WHAT IS REQUIRED
Reproduce verbatim all of the data given below, but do not carry over the images.

AVAILABLE DATA
== Segment start ==
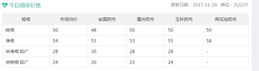 据了解,细辛价格在四五十元一斤,不同品种不同地区价格不同。
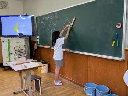 算数では,線対称と点対称の学習をしています。線対称の図形の次は,点対称の図形です。どのようにしたらかくことができるのか,いろいろな方法で考えていました。
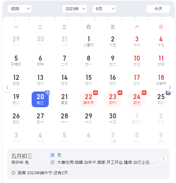 2023年06月22日(周四)放假休息,06月25日(周天)开始恢复上班。
== Segment end ==
EXPECTED OUTPUT
 据了解,细辛价格在四五十元一斤,不同品种不同地区价格不同。
 算数では,線対称と点対称の学習をしています。線対称の図形の次は,点対称の図形です。どのようにしたらかくことができるのか,いろいろな方法で考えていました。
 2023年06月22日(周四)放假休息,06月25日(周天)开始恢复上班。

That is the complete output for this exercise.